- PROBLEM REQUIREMENTS:
Transcribe only the lines in the data below falling between the line with "金稻谷品牌金旺国际集团江西省" and the line with "浅草から東京スカイツリーを目", including those two lines, and leave out any picture.

- DATASET EXCERPTS:
____________________

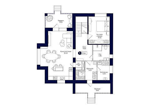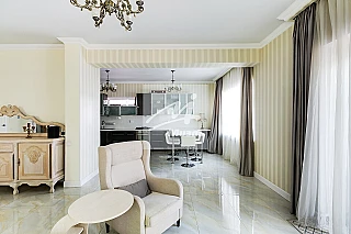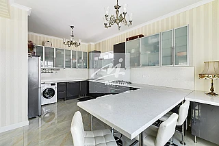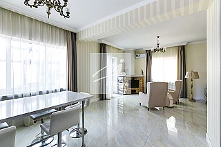 На первом этаже расположены: просторная прихожая с выходом на веранду, большой сан.узел, бойлерная, кухня-гостиная с грамотным зонированием и с настоящим действующим камином, освещена вторым светом. На стенах итальянская штукатурка, полы- плитка с водяным подогревом. Веранда, которая имеет отдельный выход на участок, оборудована зоной барбекю с обеденной зоной.
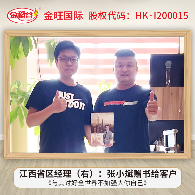 金稻谷品牌金旺国际集团江西省区经理张小斌,赠予客户陈瑞武老师书籍,与客户沟通交流开拓消费者市场
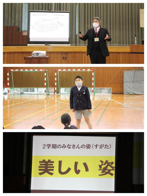 つぎは、校長講話。2学期の子どもたちが成長する姿を写真で振り返りながら、どんな点がすばらしかったか、わかりやすく解説が行われました。「〇〇姿」の空欄にはどんな言葉が入るか、子どもたちへの質問が行われ、「頑張る姿」「協力する姿」「元気な姿」など、子どもたちからたくさんの発表がありました。それらを総合すると、「美しい姿」が、たくさん認められた2学期だったとの総括が行われました。
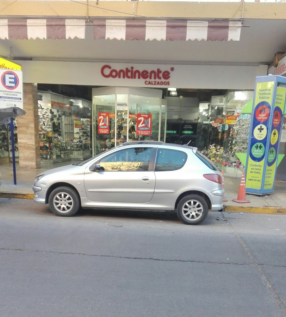 Una lectora envió una imagen y el siguiente comentario: "Estoy indignada xq este Peugeot 205 viene estacionado hace 3 días!! No nos deja descargar, soy dueña de un local hoy vine temprano xq tengo que bajar mercadería y no pude!!! Cumplamos las señales de tránsito!!! El cartel dice CARGA y DESCARGA máximo de permanencia 30 minutos!!!!!! NO toda la mañana!!!!! Es en la calle General Acha y Rivadavia, Capital".
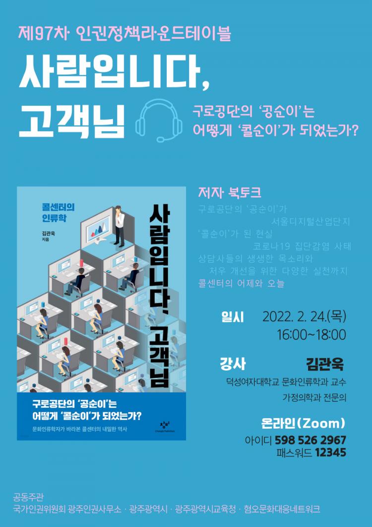 ÇÑÆí Á¦97Â÷¸¦ ¸Â´Â ÀαÇÁ¤Ã¥¶ó¿îµåÅ×À̺íÀº ½Ã±³À°Ã», ½Ãû, ±¤ÁÖÀαǻ繫¼Ò, Çø¿À´ëÀÀ³×Æ®¿öÅ©°¡ °øµ¿À¸·Î ¿î¿µÇÑ´Ù. ÁÖ¿ä À뱂 ÀÇÁ¦³ª Çö¾È¿¡ ´ëÇØ ÇнÀÇϰí Åä·ÐÇÏ´Â °ø·ÐÀÇ ÀåÀ¸·Î °Ý¿ù·Î 1ȸ °³ÃֵȴÙ.
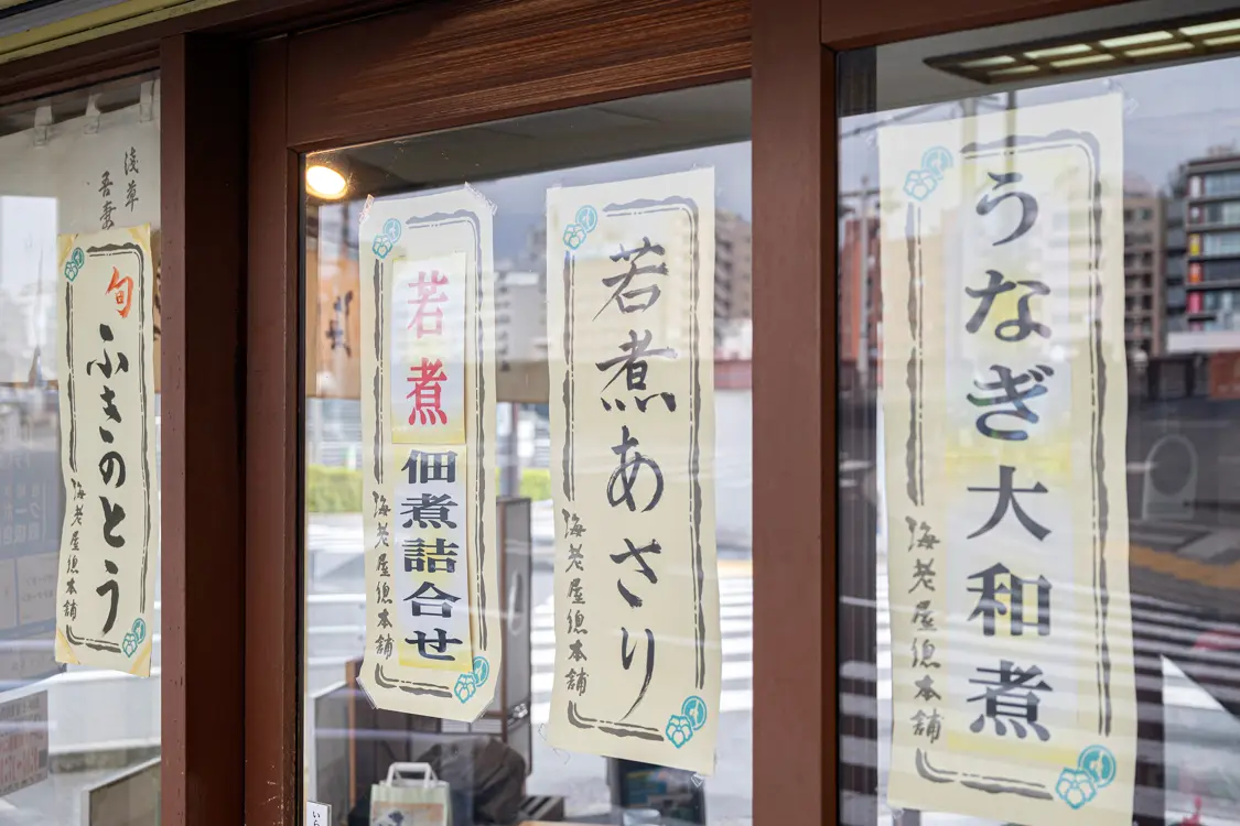 浅草から東京スカイツリーを目指して吾妻橋を渡ると、海老屋總本舗が見えてきます。朝9時の開店と同時に、詰め合わせを求める地元の方が続々と来店。浅草で長年愛されてきた歴史を感じさせます。
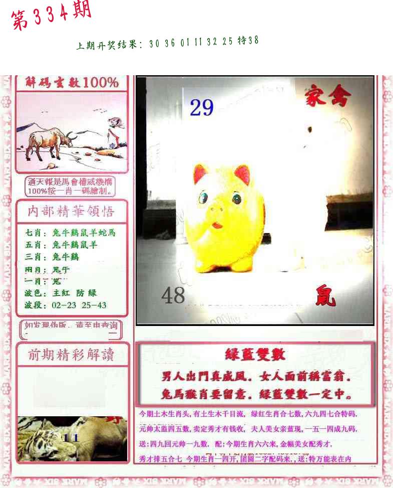 334期家野(2)肖 【家禽+虎兔】 开 ??????? |
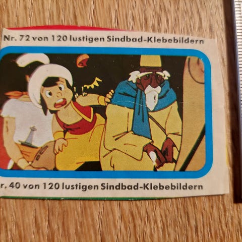 Klistermærke fra 70'erne klippet ud af et ark med Sindbad klistermærker.
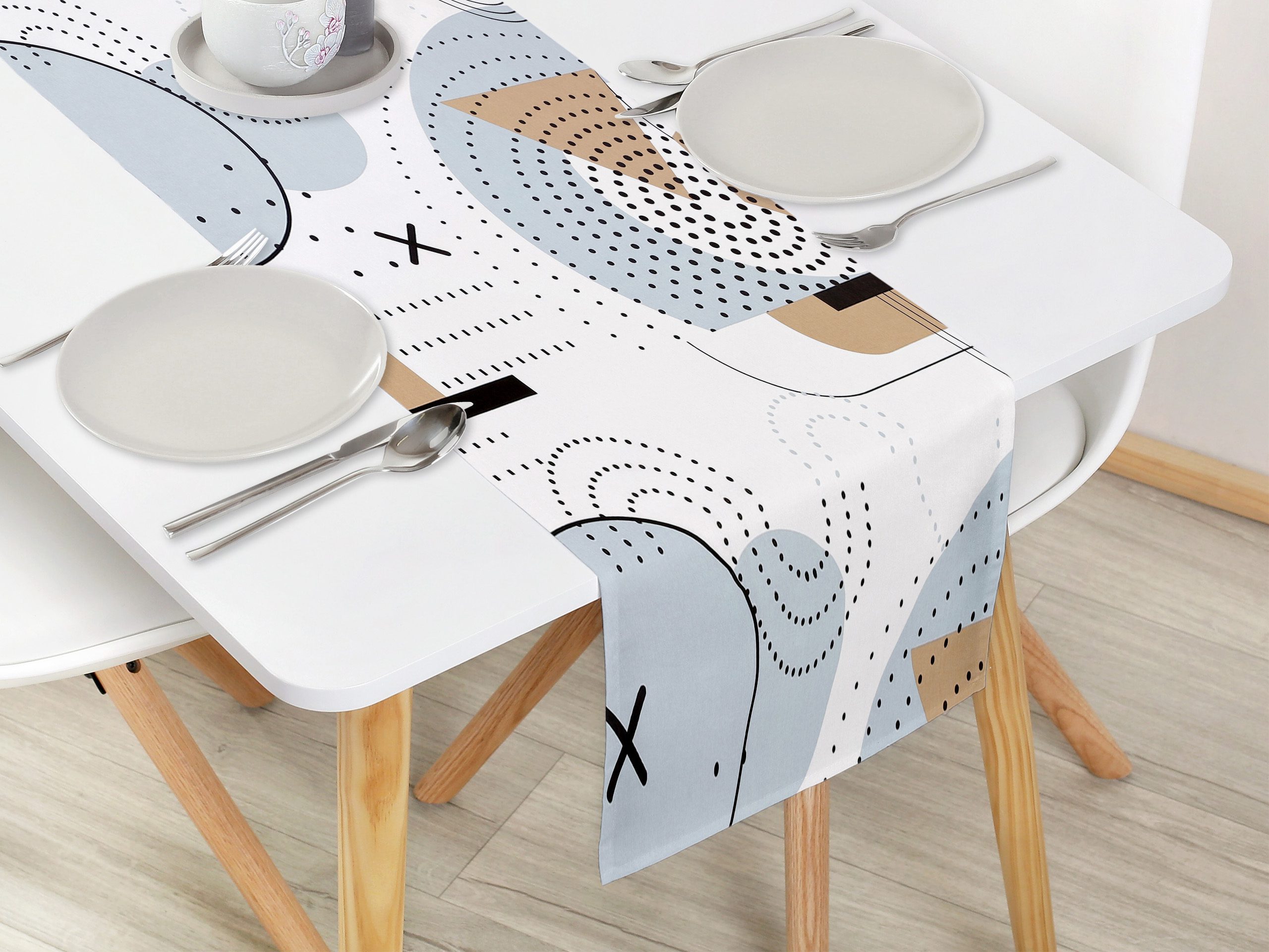 Bavlněný běhoun se vzorem šedých kruhů dodá vašemu stolu šmrnc a je zároveň skvělým doplňkem pro každou příležitost. Skvělá investice pro váš jídelní stůl.
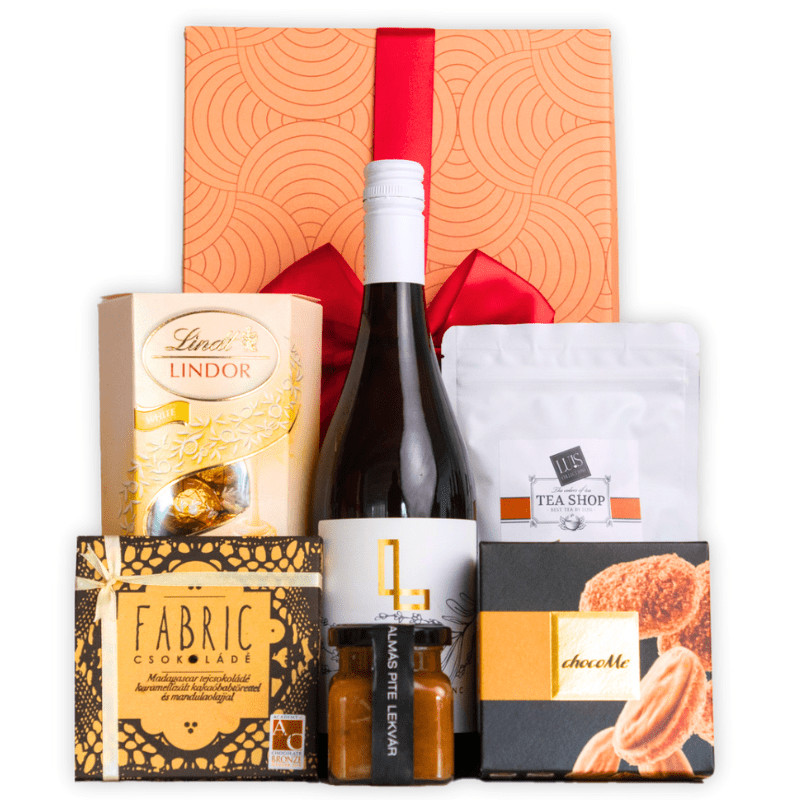 A "Winter Wishes" csomag az ünnepi hangulat minden ízét magában hordozza. A Lajvér Sauvignon Blanc bor, a magyar kézműves tejcsokoládé és a Chocome szőkecsokoládé mandulával tökéletes párost alkotnak, míg a Lindt pralinék és az almás pite ízű tea az igazi kényeztetést garantálják.
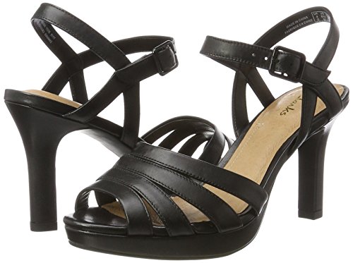 Clarks Mayra Poppy, Sandalias de Tacón para Mujer, Negro (Black Leather), 39.5 EU

____________________

- EXERCISE RESPONSE:
 金稻谷品牌金旺国际集团江西省区经理张小斌,赠予客户陈瑞武老师书籍,与客户沟通交流开拓消费者市场
 つぎは、校長講話。2学期の子どもたちが成長する姿を写真で振り返りながら、どんな点がすばらしかったか、わかりやすく解説が行われました。「〇〇姿」の空欄にはどんな言葉が入るか、子どもたちへの質問が行われ、「頑張る姿」「協力する姿」「元気な姿」など、子どもたちからたくさんの発表がありました。それらを総合すると、「美しい姿」が、たくさん認められた2学期だったとの総括が行われました。
 Una lectora envió una imagen y el siguiente comentario: "Estoy indignada xq este Peugeot 205 viene estacionado hace 3 días!! No nos deja descargar, soy dueña de un local hoy vine temprano xq tengo que bajar mercadería y no pude!!! Cumplamos las señales de tránsito!!! El cartel dice CARGA y DESCARGA máximo de permanencia 30 minutos!!!!!! NO toda la mañana!!!!! Es en la calle General Acha y Rivadavia, Capital".
 ÇÑÆí Á¦97Â÷¸¦ ¸Â´Â ÀαÇÁ¤Ã¥¶ó¿îµåÅ×À̺íÀº ½Ã±³À°Ã», ½Ãû, ±¤ÁÖÀαǻ繫¼Ò, Çø¿À´ëÀÀ³×Æ®¿öÅ©°¡ °øµ¿À¸·Î ¿î¿µÇÑ´Ù. ÁÖ¿ä À뱂 ÀÇÁ¦³ª Çö¾È¿¡ ´ëÇØ ÇнÀÇϰí Åä·ÐÇÏ´Â °ø·ÐÀÇ ÀåÀ¸·Î °Ý¿ù·Î 1ȸ °³ÃֵȴÙ.
 浅草から東京スカイツリーを目指して吾妻橋を渡ると、海老屋總本舗が見えてきます。朝9時の開店と同時に、詰め合わせを求める地元の方が続々と来店。浅草で長年愛されてきた歴史を感じさせます。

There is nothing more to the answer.